MATERIAL PROVIDED Start Marker

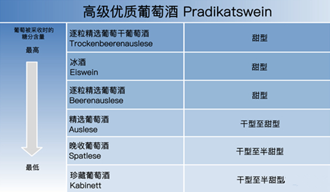 在德國,PDO葡萄酒的產(chǎn)量最大,而其中高級優(yōu)質(zhì)葡萄酒占有非常重要的地位。由于氣候寒冷,葡萄的成熟度對于德國葡萄酒來說至關(guān)重要,于是法律根據(jù)葡萄采收時(shí)的成熟度,又將高級優(yōu)質(zhì)葡萄酒細(xì)分為以下6個等級。別看它很復(fù)雜,但只要將這一分級看做葡萄酒的風(fēng)格劃分,理解起來就很容易了。
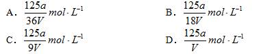 5、选择题 将溶质的质量分数为a%的NaOH溶液蒸发掉mg水后,变成溶质质量分数为2a%的NaOH不饱和溶液VmL ,所得溶液的物质的量浓度是:?(?)?
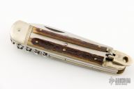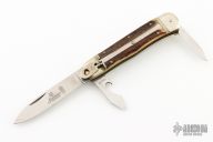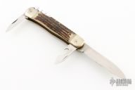 This Stag Multiblade Leverlock by Hubertus has a mirror polished blade, a mirror polished stainless steel clip point blade with nail nick, a mirror polished bottle opener/ flat head screwdriver, cork screw. Scales are stag antler over brass liners, stainless steel back spacer(s), and nickel silver bolsters. Has a couple light scratches, otherwise excellent condition.

MATERIAL PROVIDED End Marker

# EXERCISE PROMPT
Every line above is to be given again exactly, apart from the pictures.

# EXERCISE RESPONSE
 在德國,PDO葡萄酒的產(chǎn)量最大,而其中高級優(yōu)質(zhì)葡萄酒占有非常重要的地位。由于氣候寒冷,葡萄的成熟度對于德國葡萄酒來說至關(guān)重要,于是法律根據(jù)葡萄采收時(shí)的成熟度,又將高級優(yōu)質(zhì)葡萄酒細(xì)分為以下6個等級。別看它很復(fù)雜,但只要將這一分級看做葡萄酒的風(fēng)格劃分,理解起來就很容易了。
 5、选择题 将溶质的质量分数为a%的NaOH溶液蒸发掉mg水后,变成溶质质量分数为2a%的NaOH不饱和溶液VmL ,所得溶液的物质的量浓度是:?(?)?
 This Stag Multiblade Leverlock by Hubertus has a mirror polished blade, a mirror polished stainless steel clip point blade with nail nick, a mirror polished bottle opener/ flat head screwdriver, cork screw. Scales are stag antler over brass liners, stainless steel back spacer(s), and nickel silver bolsters. Has a couple light scratches, otherwise excellent condition.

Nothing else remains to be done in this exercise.